The task:
Scan the records below for the line with "1. Pratique: utilisez" and the line with "We opted for", and retype that range exactly, both ends included, pictures excepted.

Record excerpts:
BEGIN

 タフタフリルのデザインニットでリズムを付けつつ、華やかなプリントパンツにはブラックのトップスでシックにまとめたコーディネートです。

END
BEGIN

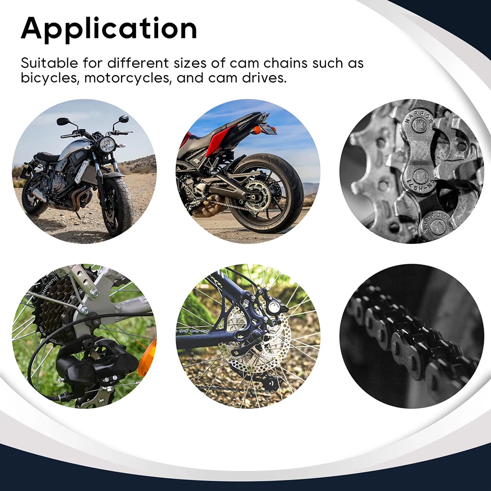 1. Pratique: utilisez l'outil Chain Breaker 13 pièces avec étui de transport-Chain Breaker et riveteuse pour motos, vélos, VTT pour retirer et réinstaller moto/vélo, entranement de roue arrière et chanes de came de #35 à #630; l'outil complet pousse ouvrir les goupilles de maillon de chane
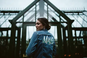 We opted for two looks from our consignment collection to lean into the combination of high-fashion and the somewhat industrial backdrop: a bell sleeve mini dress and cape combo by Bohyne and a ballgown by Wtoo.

END
BEGIN

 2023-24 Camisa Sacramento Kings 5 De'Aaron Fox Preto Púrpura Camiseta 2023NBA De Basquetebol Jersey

END

Solution to this exercise:
 1. Pratique: utilisez l'outil Chain Breaker 13 pièces avec étui de transport-Chain Breaker et riveteuse pour motos, vélos, VTT pour retirer et réinstaller moto/vélo, entranement de roue arrière et chanes de came de #35 à #630; l'outil complet pousse ouvrir les goupilles de maillon de chane
 We opted for two looks from our consignment collection to lean into the combination of high-fashion and the somewhat industrial backdrop: a bell sleeve mini dress and cape combo by Bohyne and a ballgown by Wtoo.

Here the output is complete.